The climate treaty negotiations inside Copenhagen’s Bella Center at the United Nations Climate Change Conference ground to a halt yesterday when the G-77, the largest group of developing nations, walked out. These poorer nations demanded that richer nations sign a treaty that includes a large transfer of wealth to the developing world to compensate for the developed world’s historical contribution to global warming. The G-77 countries ended their walkout after less than two hours, perhaps because global warming has had no apparent impact on December Copenhagen temperatures.
Stuck out in the cold trying to get into the convention center that the developing countries had left were thousands of registered participants including delegations from universities, trade unions, and the press. It took more than 8 hours for non-governmental delegates, like Heritage’s Steven Groves and Ben Lieberman, to check in on December 14th. The New York Times described the registration system as chaotic, and notes that the overflow of freezing unregistered delegates forced the Copenhagen police to shut down the subway stop nearest the conference. The problem: despite some two years of planning, the United Nations organizers failed to come up with a way to fit the 45,000 people they registered for the conference into the 15,000 person capacity Bella Center. Oops.

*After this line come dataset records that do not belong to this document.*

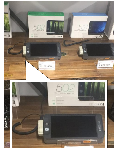
ループ部分を什器に括り、 本体側を商品に設置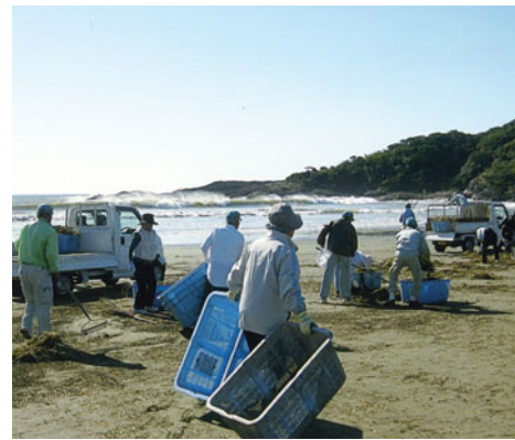
コンテナで集める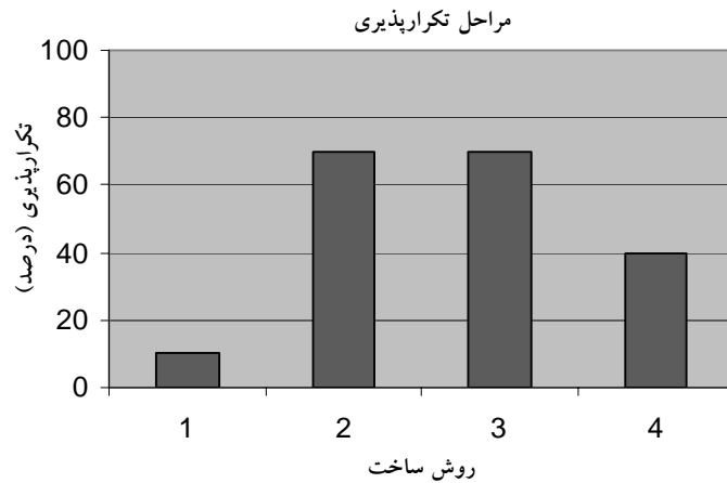
شکل شماره ۲- نمودار تکرارپذیری بر حسب روش ساخت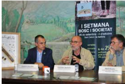
A l'acte de presentació els organitzadors van situar I Setmana Bosc i Societat en el marc del projecte de creació del futur Museu Europeu del Bosc (MEdB) a Sant Celoni.

La primera edició de la Setmana Bosc i Societat va omplir Sant Celoni d'activitats molt diverses per divulgar i apropar el bosc i els seus usos a la societat. La Setmana, organitzada pel Cercle Econòmic i Social Baix Montseny, l'Institut de Ciència i Tecnologia de la UAB i l'Ajuntament va programar del 26 de setembre al 4 d'octubre, més de 25 activitats sobre el món forestal des de perspectives ben diverses com són la cultural, l'econòmica, la social, la gastronòmica i l'ambiental. Un cop celebrada la Setmana, els organitzadors ja pensen en la segona edició.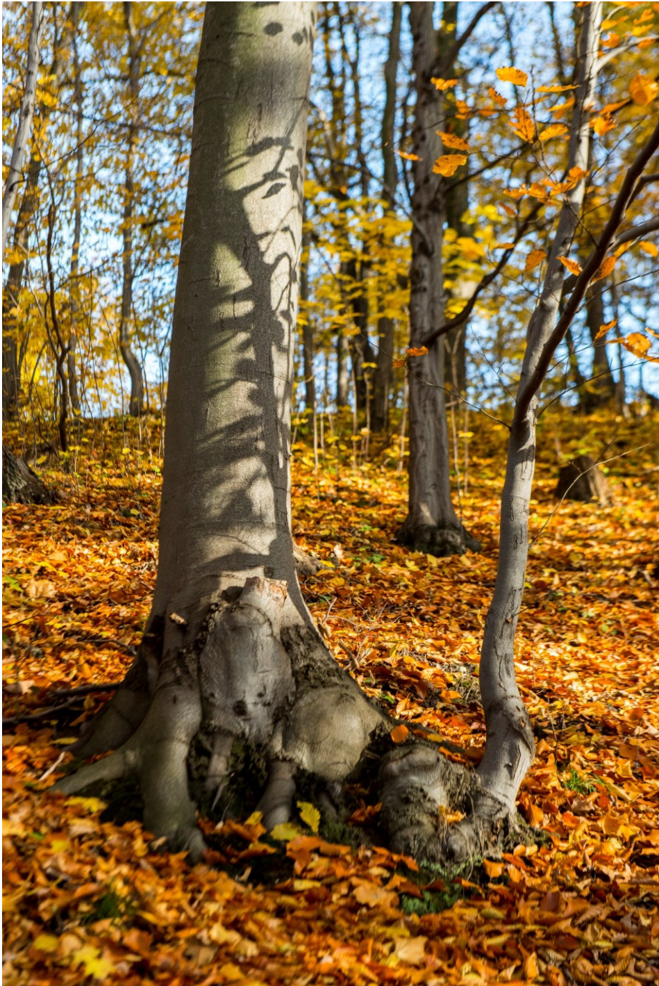
Gąsczyk jesienią – ciekawy układ korzeniowy na stoku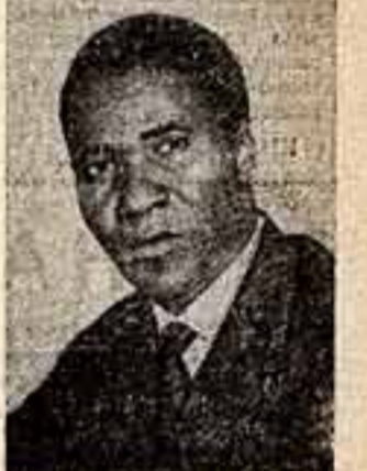
СЕНУ ТУРЕ, общественный и государственный деятель (Гвинейская Республика).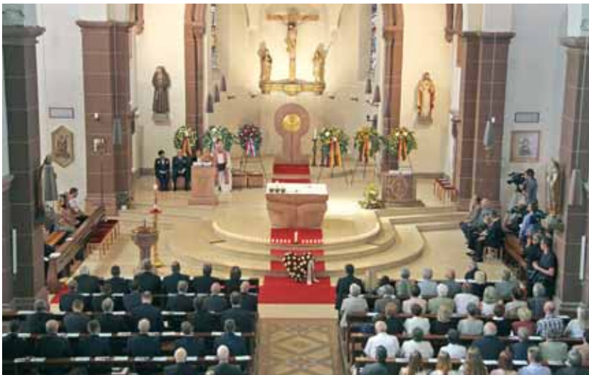
70 Kerzen um den Altar standen für die 70 Opfer der Flugtagkatastrophe.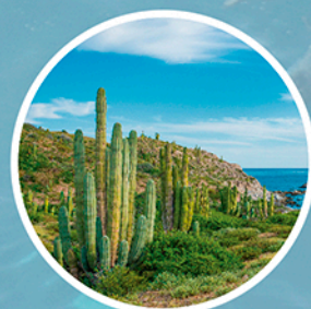
Zona árida insular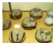
ひがしまつうら 東松浦地域 (唐津焼)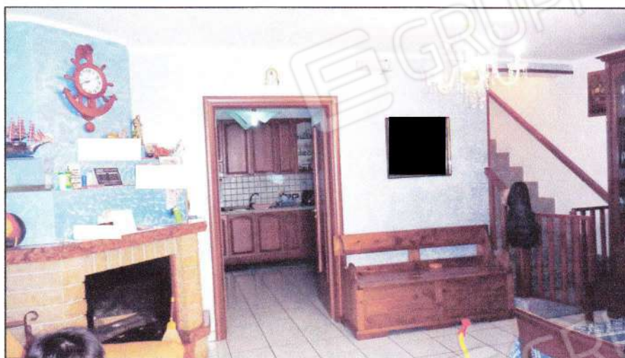
Vista del soggiorno al PT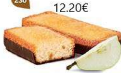
LINGOTS POIRE CHOCHO NOIR 25 emballages individuels - 875 g DDM* : 2 mois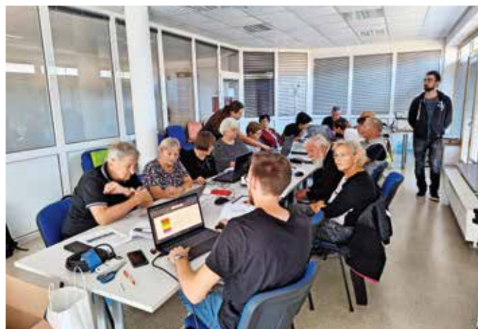
Člani DU Pirniče se računalniško izobražujejo.

V Društvu upokoencev Pirniče nadaljujejo izobraževanje svojih članov na področju uporabe računalnika. V treh terminih so ga v septembru in v začetku oktobra izvedli trije sodelavci podjetja Neutron. Pirniškim upokoencem so predali obilo znanja in jim predstavili več kot le osnove. »Imeli smo dovolj priložnosti, da smo dobili odgovore na vprašanja, tudi glede posameznih primerov in težav pri delu z računalnikom in uporabi mobilnega telefona. Prejeli smo tudi obsežno knjižno gradivo z vsemi postopki in razlagami za delo. Gradivo je pregledno, kakovostno in uporabno,« so zapisali v Društvu upokoencev Pirniče. V novembru nadaljujejo računalniško opismenjevanje s skupino Simbioza. M. B.

This entire circus would be funnier if not for what is at stake: trillions of dollars in regulatory actions and billions of dollars in aid to developing nations. And, if there were to be some miracle and nations in attendance did sign an agreement, who would be in charge of monitoring all these agreed-to carbon reductions and oversight of all that development aid? The same entity that can’t even figure out that 45,000 people won't into a 15,000 person building; the United Nations. Heritage fellow Ben Lieberman explains:
Compliance with such a treaty would require massive changes to the U.S. economy, and U.N. bodies would decide many of the details of those changes. For example, one way to comply with Kyoto or subsequent treaties is to purchase so-called offsets to carbon dioxide emissions. Offsets allow regulated entities to pay others to undertake projects that presumably reduce emissions globally, such as paying landowners to plant trees or bankrolling the installation of solar panels in poor countries. In many cases, companies find offsets cheaper than actually reducing their own emissions. However, these projects have been subject to fraud. For example, some offset projects have not actually reduced emissions, while others involved industrial facilities with unnecessarily high initial emissions for the purpose of profiting by lowering them later. Currently, the Clean Development Mechanism under the U.N. decides which offset projects are acceptable. Thus, unelected international bureaucracies would control this critical aspect of a climate treaty, which would have significant implications for the U.S. economy.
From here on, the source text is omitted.